Raging Bull de Martin Scorsese
(1980)
Seconde vision et c'est toujours aussi bien, je revois même le film quelque peu à la hausse tant j'ai l'impression de redécouvrir l'intention du métrage. Après l'échec financier de New York New York, Scorsese se tourne vers un projet qui n'opte pas pour la prise de risque, à savoir un biopic de Jake LaMotta. Pourtant, le cinéaste ne cède pas à la facilité et là où beaucoup auraient fait un simple film sur la boxe, Scorsese se met en tête de dessiner le portrait d'un homme antipathique, voire carrément détestable, sur un schéma de rise and fall qui deviendra une signature du réalisateur. Du coup, on se retrouve face à un film purement scorsesien, que ce soit visuellement ou dans l'esprit, une œuvre sacrément radicale dans son traitement puisqu'elle ne propose que la vision décadente d'un homme auquel on ne peut pas s'attacher, un protagoniste auquel Scorsese ne donnera que rarement une once d'humanité. Un concept casse-gueule, mais qui fonctionne de façon assez surprenante, en grande partie grâce à Robert De Niro qui trouve ici ce qui reste très certainement sa plus grande prestation.

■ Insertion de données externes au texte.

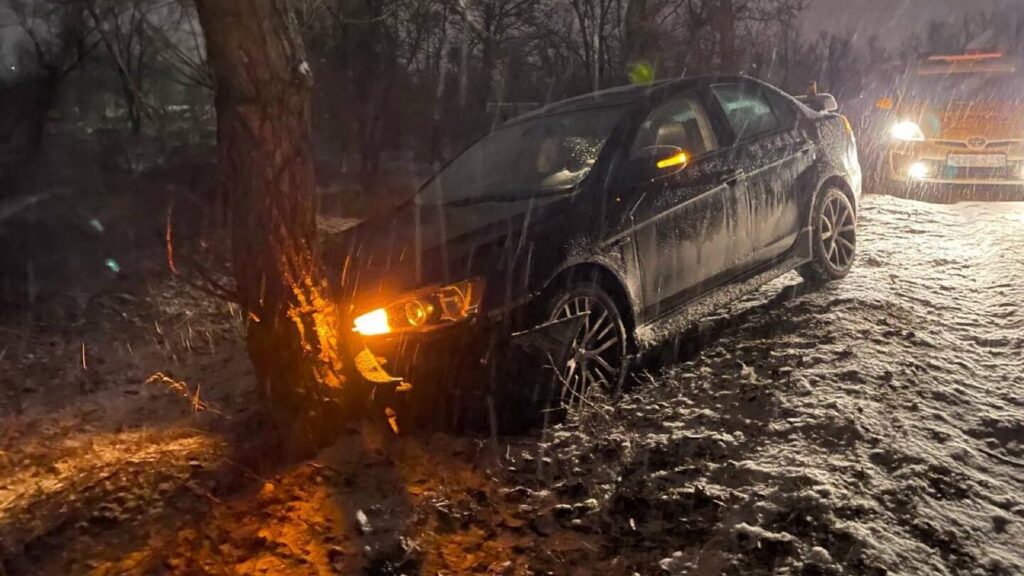 Вчера, 7 февраля, в Запорожье легковушка вылетела с дороги и врезалась в дерево.

Pour autant, le film a tout de même ses défauts, notamment un récit à base de tranches de vie et d'ellipses qui ne fait pas spécialement du bien au rythme de l'ensemble, notamment sur la première heure du métrage. Heureusement, à partir du moment où le personnage de LaMotta devient champion, on aborde réellement la partie la plus intéressante du film, et on a donc une pure descente aux enfers habilement gérée et parsemée de sacrés moments d'acting, notamment les séquences entre Pesci et De Niro et surtout le plan-séquence en prison assez phénoménal. Niveau mise en scène, c'est plutôt sage sur les parties intimistes du récit qui n'exploitent pas très bien le choix du noir et blanc, mais dès que l'on aborde une séquence-clé, Scorsese se lâche totalement et livre des passages juste monstrueux, entre un générique au ralenti, un dernier face à face La Motta/Robinson bien violent, des compositions de plan à tomber et un plan final tellement génial qu'il sera repris par Paul Thomas Anderson pour son Boogie Nights (qui est, avec le recul, une sorte de remake de Raging Bull dans l'esprit). Bref, c'est du très bon film, peut-être pas le chef-d’œuvre souvent vendu par la critique mais c'était clairement le sommet de Scorsese à l'époque.